Back in the car, Shirley sat with folded arms. Despite the sunglasses, she weirdly resembled a Buddha. ‘All I’ve eaten today is a bunch of Haribo,’ she said.
‘Remind me whose fault that is?’
‘We could have stopped at a service station.’
‘We could have gone for a candlelit supper,’ said Louisa. ‘Only I took an executive decision to get on with the job.’
‘Who put you in charge?’
My wheels, my rules, Louisa thought, but didn’t say. There came a point when squabbling with Shirley reached a brick wall: you could either bang your head against it or walk round.
So she said, ‘Jaffrey’s talk starts in half an hour. It’s scheduled to last forty minutes, with a twenty-minute Q&A. One of us should go inside, the other stay out here, and …’
‘Secure the perimeter?’
‘I was trying not to say that,’ she admitted.
‘That’s not really a one-woman job,’ Shirley said.
‘Yeah, no, I didn’t say it was an ideal plan. But it is a plan.’
‘Are you armed?’
‘No. Are you?’
‘I wish.’
‘There’s a monkey wrench in the boot.’
‘Dibs.’
Shirley with a monkey wrench, Louisa thought: yeah, that was someone you’d want on your side. She might look like a mini-Buddha, but she didn’t share the same attitude to peace and oneness and all that. Though, in her defence, she’d given a few unsuspecting souls a nudge in the direction of reincarnation.

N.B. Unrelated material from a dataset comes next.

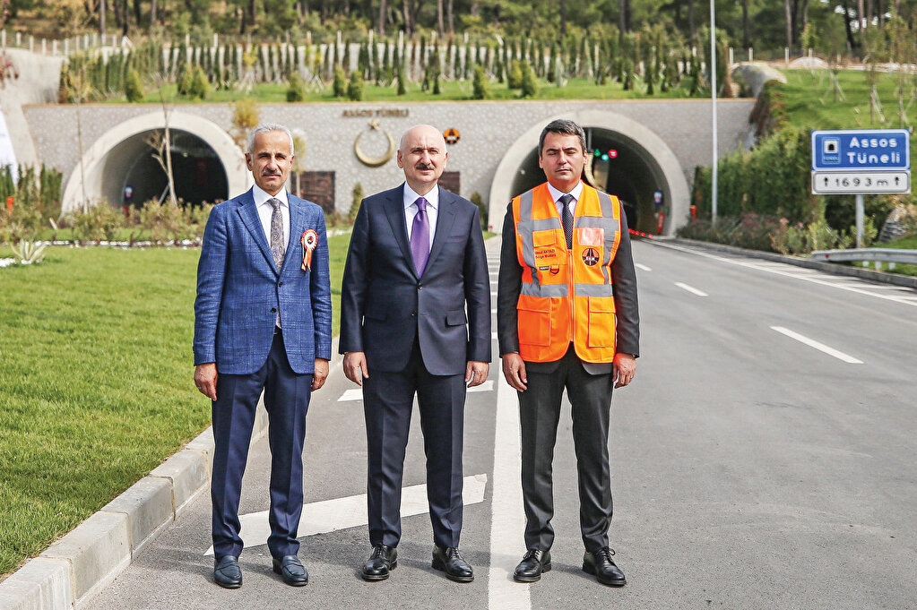 "Geçtiğimiz Mart ayında hizmete açtığımız 1915 Çanakkale Köprüsü ile bölgede hızlanan trafiğe cevap verecek, yatırım bedeli 4,6 milyar lira olan bir projeyi daha şehrimize kazandırmış oluyoruz. Açtığımız tüneller sayesinde Kaz Dağları'nın o muhteşem tabiatına en küçük bir zarar vermeden Ayvacık-Küçükkuyu arasındaki mesafeyi yaklaşık 2,5 kilometre kısalttık. Daha önce 50 dakika süren yolculuğun 5 dakikaya inmesiyle hem zamandan hem yakıttan hem emisyondan elde ettiğimiz kazanç, yılda 133 milyon liraya tekabül ediyor. Vatandaşlarımıza, konforu artan, güvenliği yükselen, süresi kısalan bir seyahatle sevdiklerine ulaşabilecekleri eserleri kazandırmayı sürdüreceğiz." Erdoğan, açtıkları yolla, bölgede artık bölünmüş yol standardına sahip olmayan ana güzergah bırakmadıklarını dile getirdi. Erdoğan, tünellerin giriş ve çıkışlarında yapılan kaplamalar ve rölyeflerin, projeye ayrı bir güzellik kattığına inandığını ifade etti.

She took her phone out, Google Earthed. ‘There doesn’t seem to be a rear entrance. The building backs onto something else, an office block, I think.’
‘What about the roof?’
‘It looks like, you know, a roof. There’s a skylight.’
‘They don’t seem the subtle sort.’
So descending through a skylight was Shirley’s idea of subtle. Interesting. And what did they think they were doing, Louisa wondered; a question she’d successfully avoided until now. The crew who’d massacred Abbotsfield weren’t taking prisoners, they were spraying bullets. Waving a monkey wrench wasn’t going to put them off. And Shirley and Louisa only had one monkey wrench between them.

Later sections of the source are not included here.